2. – L’impugnazione proposta dal Banco di Sicilia è stata parzialmente accolta dalla Corte d’Appello di Catania, che con sentenza del 20 aprile 2010 ha rideterminato la somma dovuta in Euro 11.704,24, oltre rivalutazione ed interessi, rigettando il gravame incidentale proposto dall’Idea Moda.

Premesso che gli appellati, pur avendo negato che la L. fosse stata specificamente incaricata di effettuare operazioni bancarie per conto della società, non avevano contestato che essa era stata presentata al responsabile operativo ed al personale dipendente dell’Agenzia di (OMISSIS) quale addetta alla contabilità e persona di fiducia che avrebbe curato i rapporti con la Banca, la Corte ha ritenuto che tale circostanza non fosse sufficiente a giustificare l’inosservanza delle norme di legge e di diligenza da parte degli operatori del Banco di Sicilia, osservando che questi ultimi, ove avessero controllato le sottoscrizioni apposte sugli assegni e le richieste di bonifico, ne avrebbero potuto agevolmente constatare la evidente difformità da quelle contenute nello specimen. Ha ritenuto pertanto giustificata l’affermazione della responsabilità della Banca, anche per aver accettato bonifici compilati in modo irregolare, escludendo l’operatività della decadenza prevista dall’art. 1832 c.c., in quanto la mancata contestazione degli estratti conto non impedisce di far valere l’invalidità o l’inefficacia dei rapporti da cui derivano gli addebiti e gli accrediti.

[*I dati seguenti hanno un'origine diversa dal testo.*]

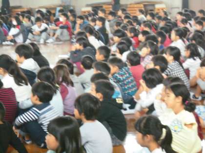 読み聞かせの後,6年生から,修学旅行にむけて全校で平和を願う千羽鶴を作ろうと呼びかけがありました。たてわりグループで取り組む予定になっています。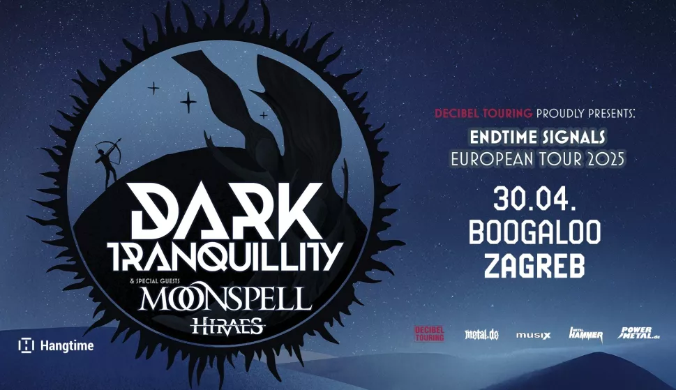 Švedski metalci Dark Tranquillity vraćaju se u Boogaloo klub nakon sedam godina u sklopu europske turneje „Endtime Signals“, a pridružit će im se portugalski gotičari Moonspell, koncert će se održati u srijedu, 30. travnja, objavio je organizator koncerta Hangtime Agency.

La Corte ha inoltre confermato che alla negligenza della Banca aveva fatto riscontro quella della società e del suo amministratore, rilevando che quest’ultimo aveva omesso di controllare gli estratti conto inviatigli periodicamente e di custodire diligentemente i libretti di assegni, nonchè di esercitare qualsiasi controllo sui dipendenti e sulla contabilità della società; precisato infatti che le operazioni contestate, d’importo rilevante, risultavano annotate nella contabilità ufficiale ed approvate nei bilanci, ha osservato che un’adeguata vigilanza avrebbe consentito al R. di accorgersi delle anomalie riscontrate fin dall’emissione del primo assegno e di evitare il notevole ammanco verificatosi successivamente. Ha ritenuto pertanto inapplicabile l’art. 1227 c.c., comma 1, richiamando invece il secondo comma. e liquidando il danno in misura pari all’importo del primo assegno; ha invece rigettato, per mancanza di prova, la domanda di risarcimento del lucro cessante, riproposta con l’appello incidentale.

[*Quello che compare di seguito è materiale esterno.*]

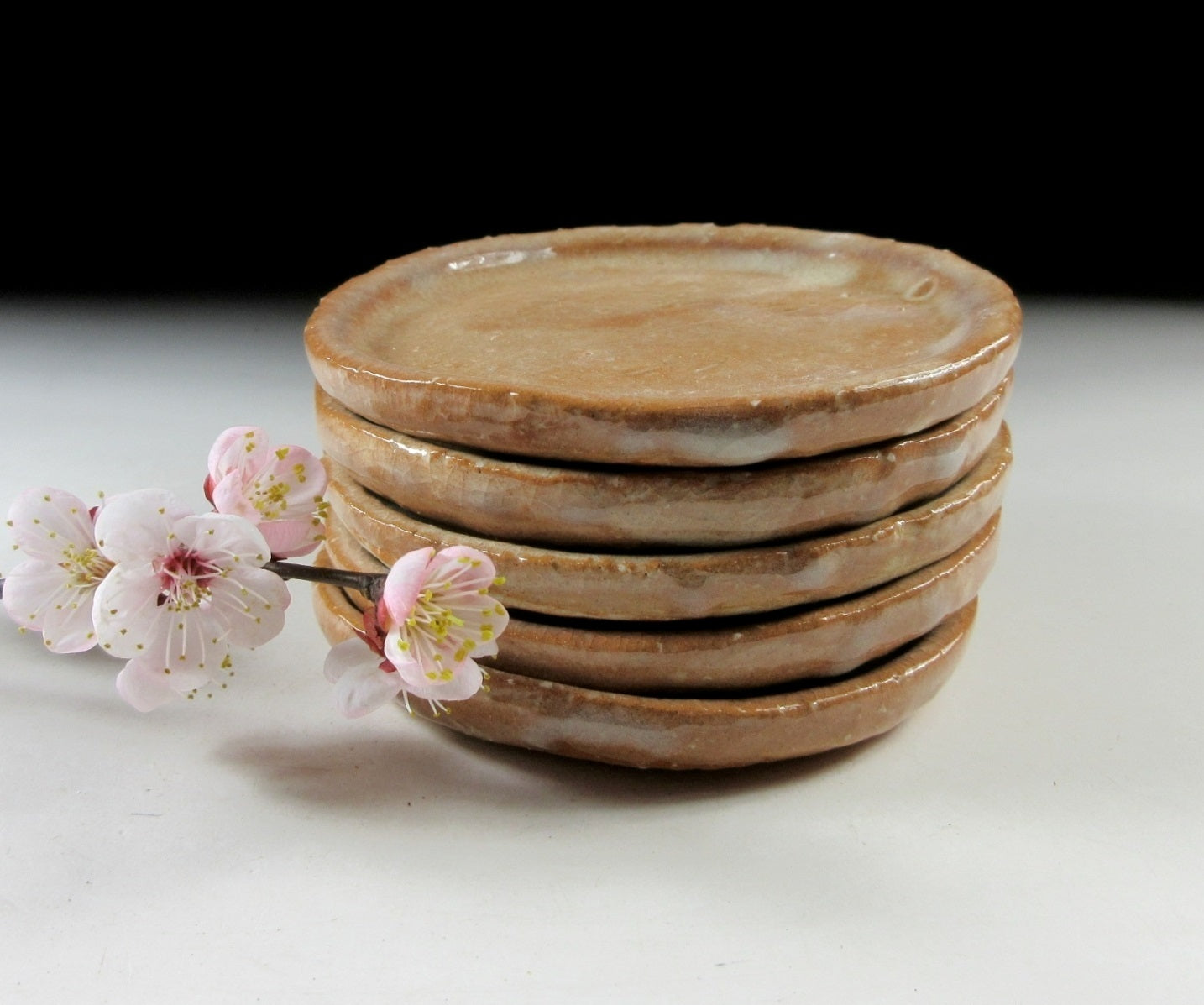 This listing is for a set of five Hagi-ware chataku made around 20 years ago. They are made of gritty stoneware clay and coated in semi-transparent white glaze. The low ‘walls’ around the edge prevent spills, and their glazed top makes them less likely to absorb moisture. The stamp of the kiln can be found on the bottom of each piece.

3. – Avverso la predetta sentenza l’Idea Moda ed il R. hanno proposto ricorso per cassazione, articolato in due motivi, illustrati anche con memoria. Ha resistito con controricorso l’Unicredit S.p.a., in qualità di avente causa dal Banco di Sicilia, cui è succeduta a seguito di fusione per incorporazione con atto per notaio Ga.An. del (OMISSIS), rep. n. (OMISSIS), proponendo a sua volta ricorso incidentale, articolato in sette motivi, ed anch’esso illustrato con memoria.

Diritto

MOTIVI DELLA DECISIONE

1. – Preliminarmente, deve escludersi che, come sostenuto dalla difesa della controricorrente nella memoria depositata ai sensi dell’art. 378 c.p.c., la cancellazione dell’Idea Moda dal registro delle imprese, intervenuta ai sensi dello art. 2490 c.c., u.c., in epoca successiva alla proposizione del ricorso per cassazione, abbia comportato, con l’estinzione della società, il venir meno dell’interesse alla decisione.

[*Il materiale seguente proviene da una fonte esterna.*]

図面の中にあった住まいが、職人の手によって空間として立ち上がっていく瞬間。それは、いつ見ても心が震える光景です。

In proposito, va infatti richiamato il principio, enunciato dalle Sezioni Unite di questa Corte, secondo cui, qualora alla cancellazione dal registro delle imprese, che determina l’estinzione della società, non abbia fatto riscontro il venir meno di ogni rapporto giuridico facente capo alla stessa, si determina un fenomeno successorio, in virtù del quale a) le obbligazioni non si estinguono, ma si trasferiscono ai soci, i quali ne rispondono, nei limiti di quanto riscosso a seguito della liquidazione o illimitatamente, a seconda che, pendente societate, fossero limitatamente o illimitatamente responsabili per i debiti sociali, b) i diritti e i beni non compresi nel bilancio di liquidazione si trasferiscono ai soci, in regime di contitolarità o comunione indivisa; c) restano escluse da tale vicenda le mere pretese, ancorchè azionate o azionabili in giudizio, ed i crediti ancora incerti o illiquidi, la cui inclusione in detto bilancio avrebbe richiesto un’attività ulteriore (giudiziale o extragiudiziale), in quanto il mancato espletamento di tale attività da parte del liquidatore consente di ritenere che la società vi abbia rinunciato, con conseguente cessazione della materia del contendere (cfr. Cass., Sez. Un., 12 marzo 2013, n. 6070 e 6071; Cass., Sez. I, 24 dicembre 2015, n. 25974).

In applicazione di tale principio, deve escludersi nella specie la possibilità di ricollegare all’estinzione della società il venir meno dell’interesse alla decisione, non solo perchè la cancellazione ha avuto luogo a seguito della mancata presentazione del bilancio di liquidazione, con la conseguente difficoltà di distinguere tra i diritti trasferiti ai soci e quelli destinati all’estinzione, ma anche e soprattutto per l’impossibilità di ravvisare l’inerzia del liquidatore, alla cui iniziativa si deve l’instaurazione e la prosecuzione del giudizio fino alla presente fase.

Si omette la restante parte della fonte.